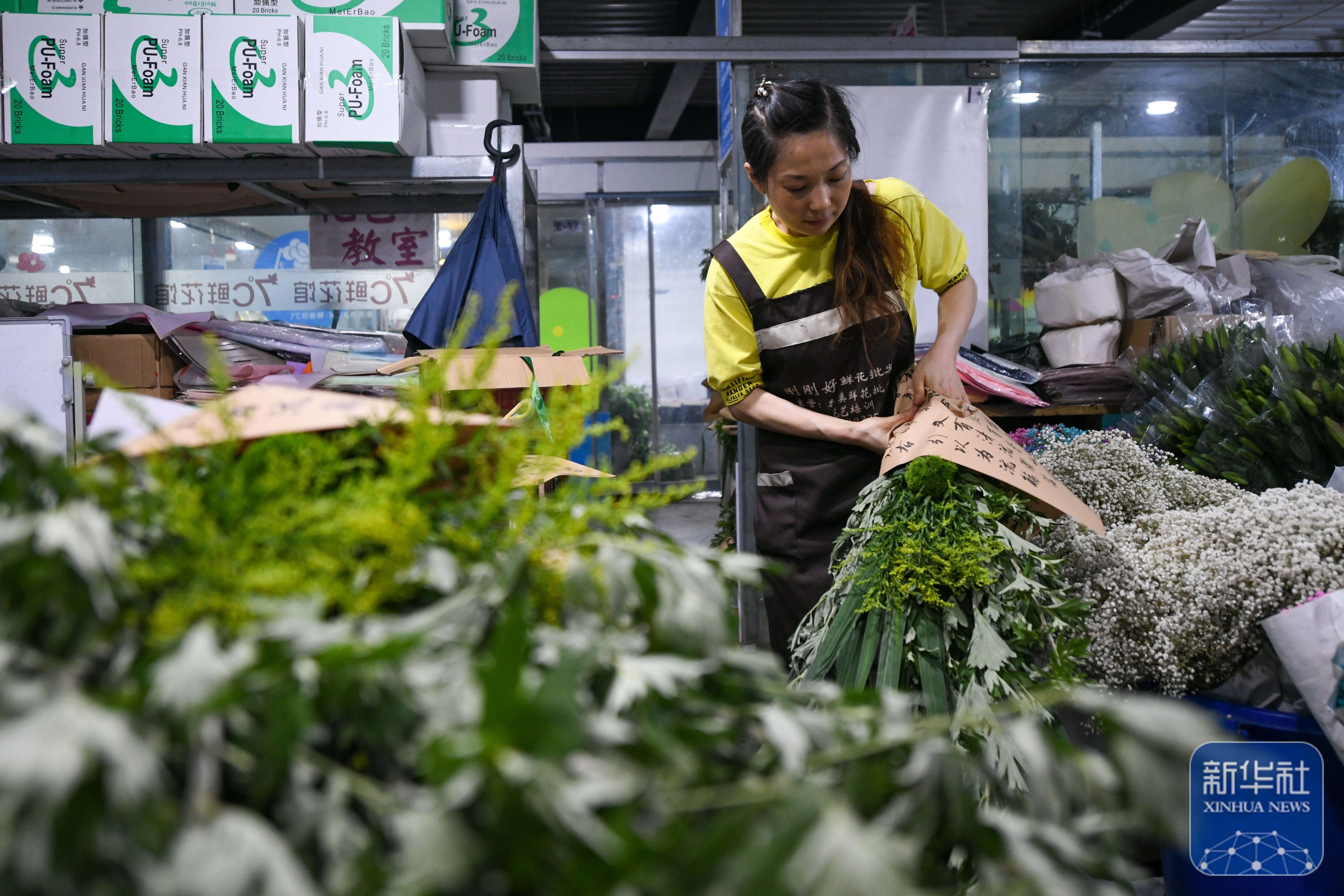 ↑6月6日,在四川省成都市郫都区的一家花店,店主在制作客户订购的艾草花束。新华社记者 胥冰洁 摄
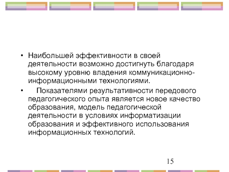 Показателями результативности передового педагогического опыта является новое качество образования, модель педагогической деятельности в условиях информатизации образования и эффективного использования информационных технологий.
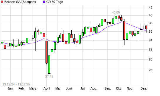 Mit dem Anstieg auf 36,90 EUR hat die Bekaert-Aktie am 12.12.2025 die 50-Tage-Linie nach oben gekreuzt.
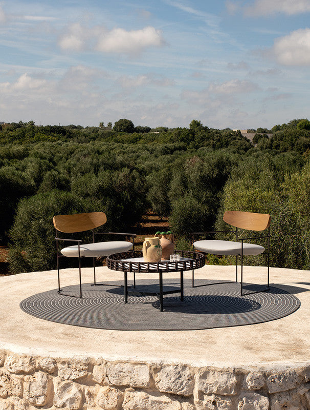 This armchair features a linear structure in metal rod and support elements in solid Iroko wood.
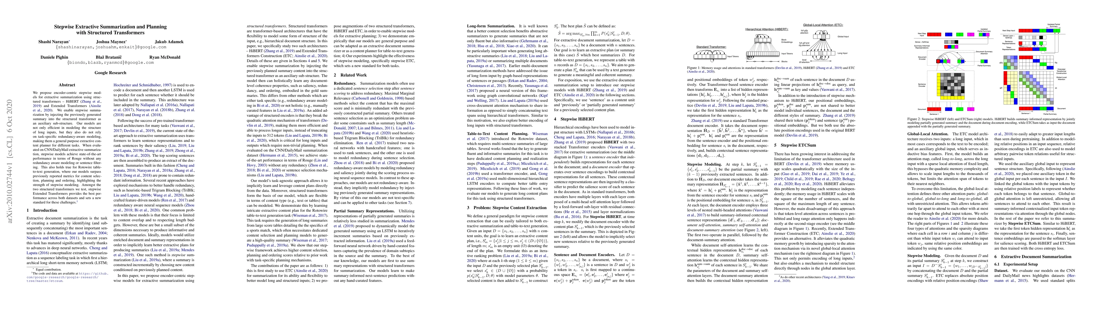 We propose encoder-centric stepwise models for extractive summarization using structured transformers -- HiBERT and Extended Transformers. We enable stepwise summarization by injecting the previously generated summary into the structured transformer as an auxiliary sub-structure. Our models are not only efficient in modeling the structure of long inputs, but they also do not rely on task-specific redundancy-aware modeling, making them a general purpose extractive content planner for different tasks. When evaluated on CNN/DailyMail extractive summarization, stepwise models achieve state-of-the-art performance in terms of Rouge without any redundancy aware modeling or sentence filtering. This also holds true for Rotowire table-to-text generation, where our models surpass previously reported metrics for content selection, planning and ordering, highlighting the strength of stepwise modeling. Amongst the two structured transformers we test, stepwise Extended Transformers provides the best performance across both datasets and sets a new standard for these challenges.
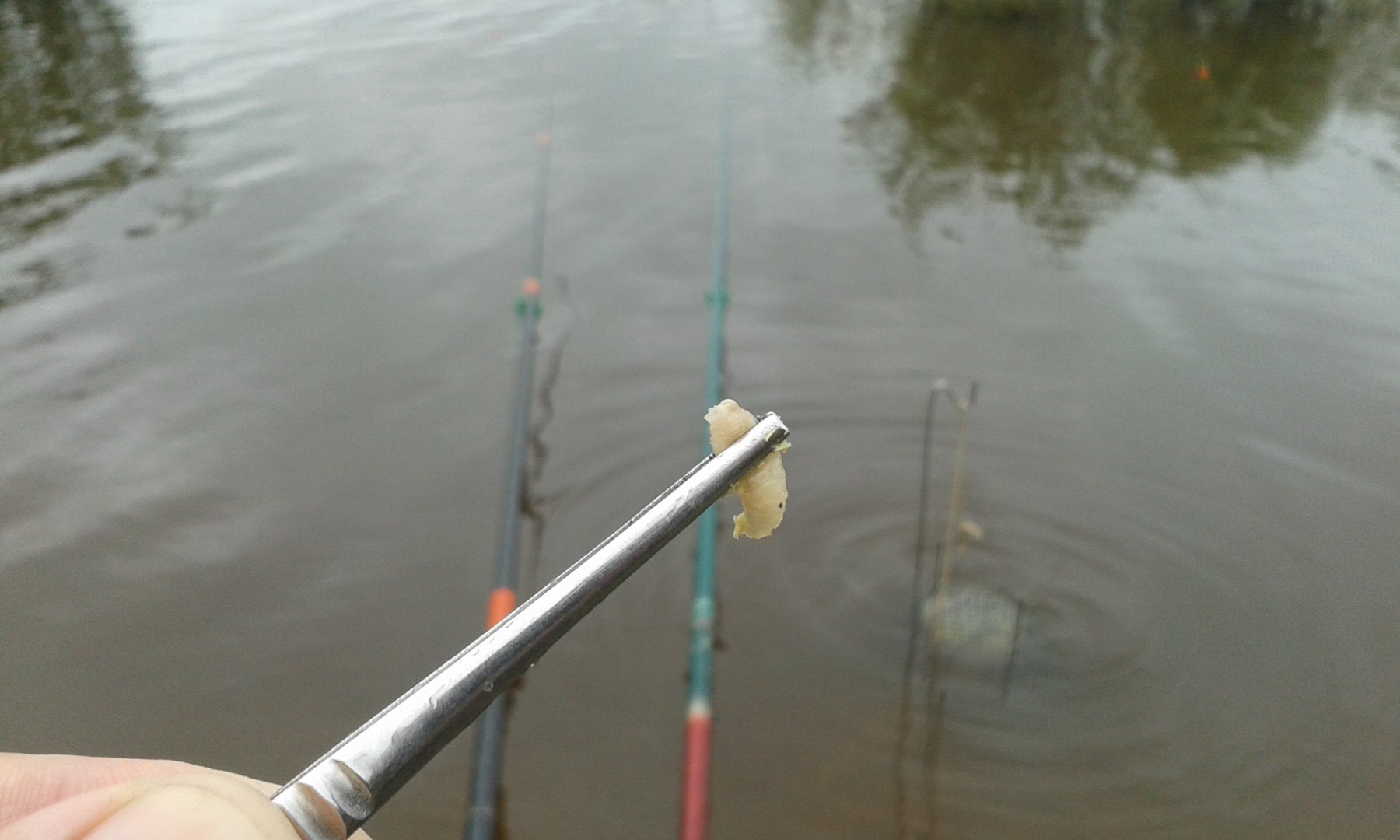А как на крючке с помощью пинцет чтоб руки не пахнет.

··········

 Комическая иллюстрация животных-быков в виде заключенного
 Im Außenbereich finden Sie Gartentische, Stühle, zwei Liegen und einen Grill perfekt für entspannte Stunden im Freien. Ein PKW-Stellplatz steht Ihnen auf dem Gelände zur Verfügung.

··········

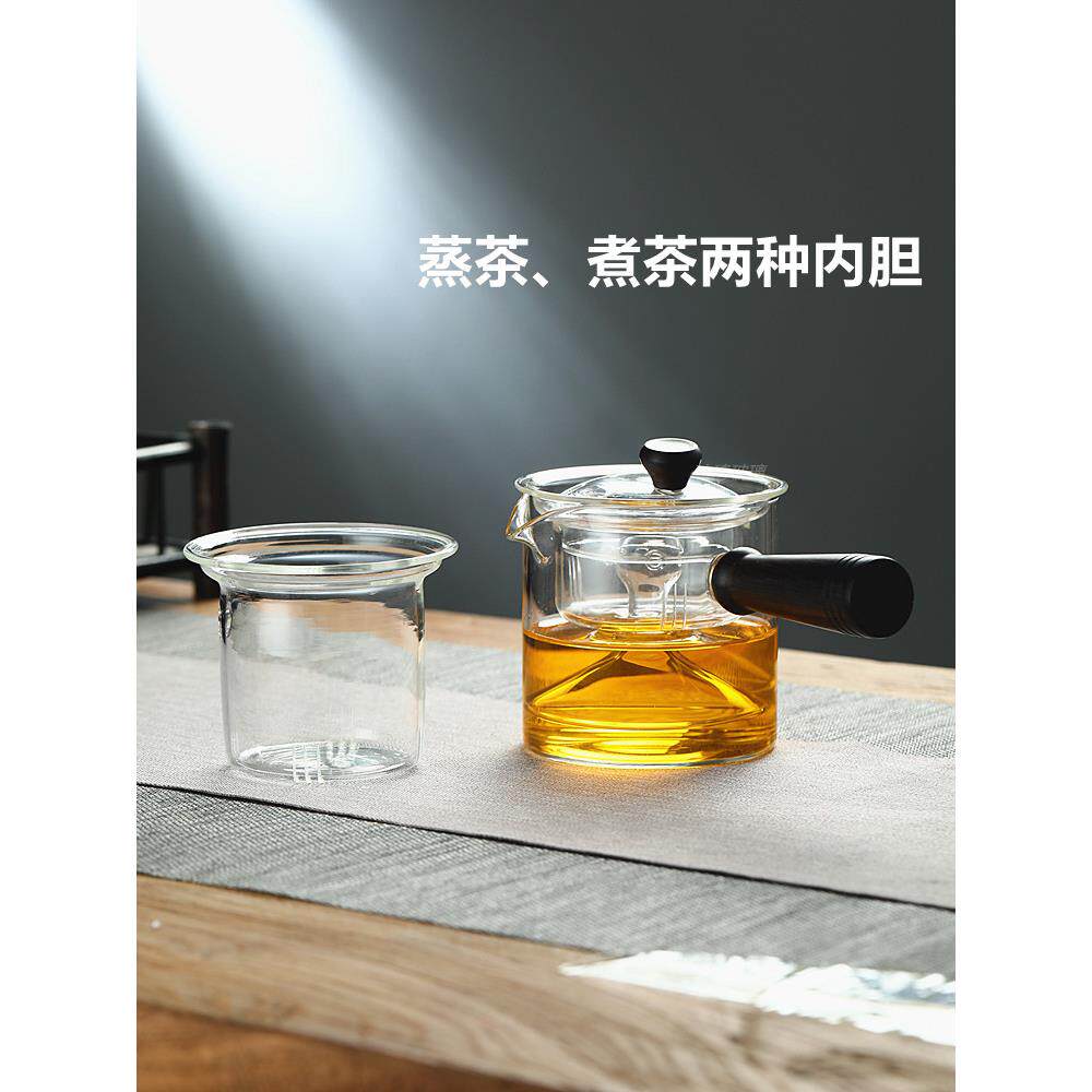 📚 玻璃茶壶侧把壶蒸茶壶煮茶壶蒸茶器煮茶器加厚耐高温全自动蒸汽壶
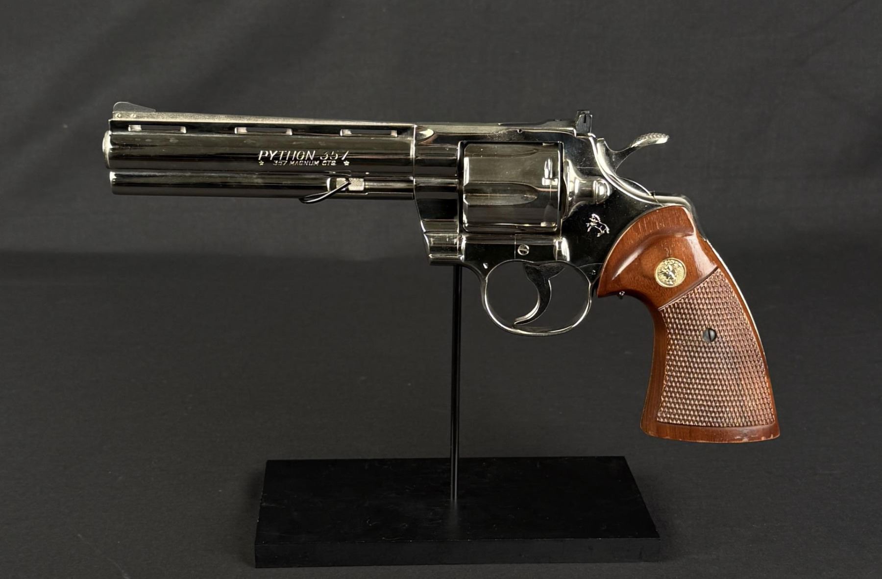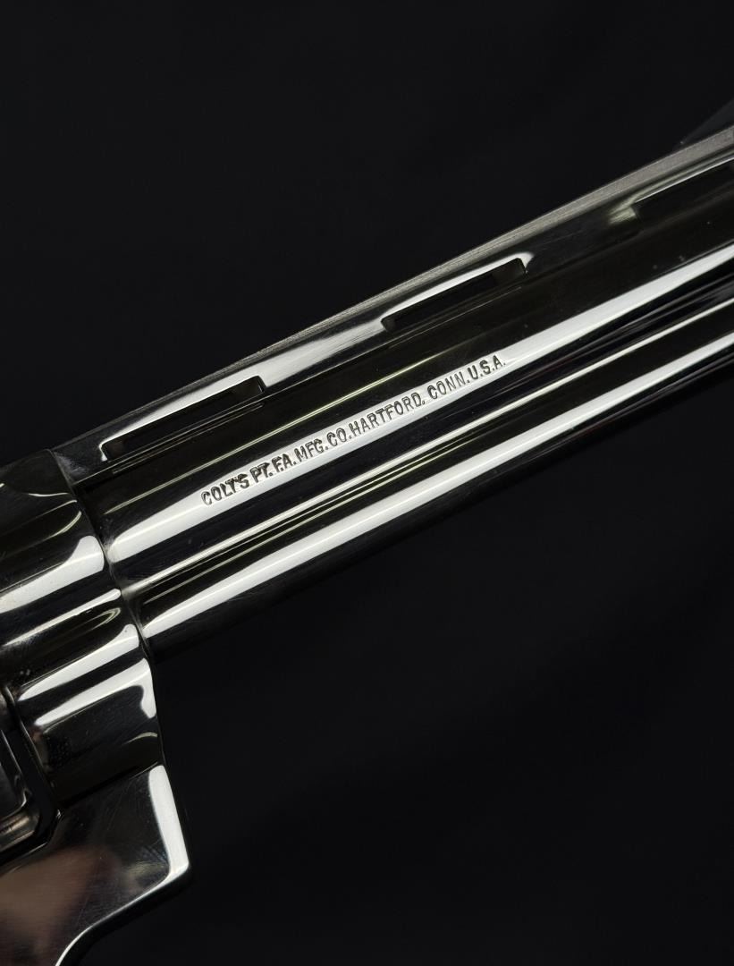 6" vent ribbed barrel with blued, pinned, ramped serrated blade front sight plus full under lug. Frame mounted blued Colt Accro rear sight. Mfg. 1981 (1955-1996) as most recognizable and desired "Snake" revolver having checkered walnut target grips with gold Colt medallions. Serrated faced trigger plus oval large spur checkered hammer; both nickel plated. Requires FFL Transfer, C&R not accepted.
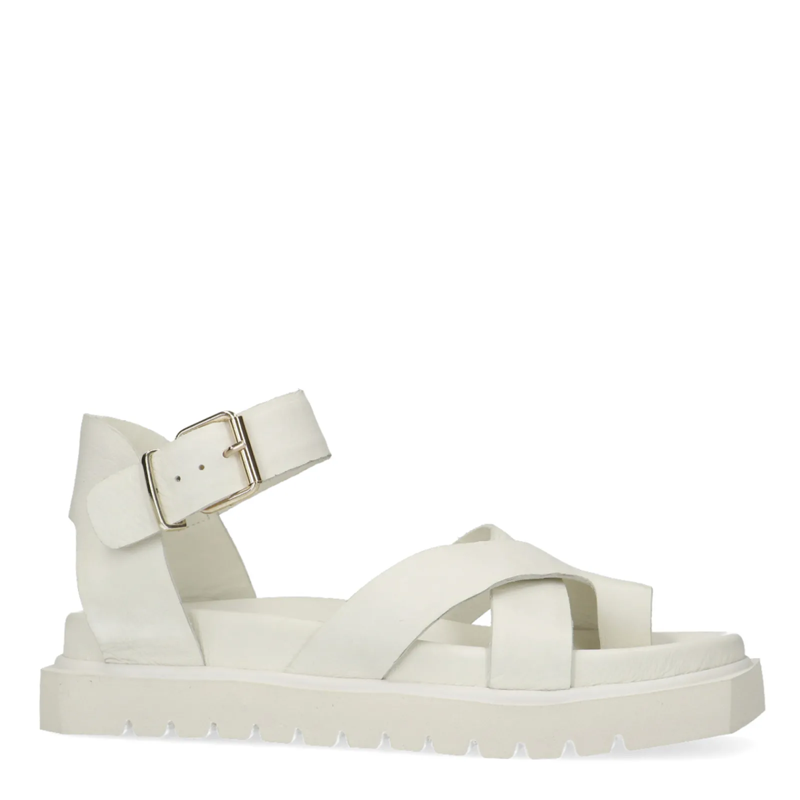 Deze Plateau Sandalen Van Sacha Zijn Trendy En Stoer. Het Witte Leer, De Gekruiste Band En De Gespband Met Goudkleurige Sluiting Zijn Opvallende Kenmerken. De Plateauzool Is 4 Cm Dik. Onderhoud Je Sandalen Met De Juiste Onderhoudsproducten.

··········

:: WHAT THE TASK ASKS ::
Find the line with "Комическая иллюстрация животных-быков" in the material above. Reproduce it and each line after it up to and including the line with "Im Außenbereich finden".

:: ANSWER SPACE ::
 Комическая иллюстрация животных-быков в виде заключенного
 Im Außenbereich finden Sie Gartentische, Stühle, zwei Liegen und einen Grill perfekt für entspannte Stunden im Freien. Ein PKW-Stellplatz steht Ihnen auf dem Gelände zur Verfügung.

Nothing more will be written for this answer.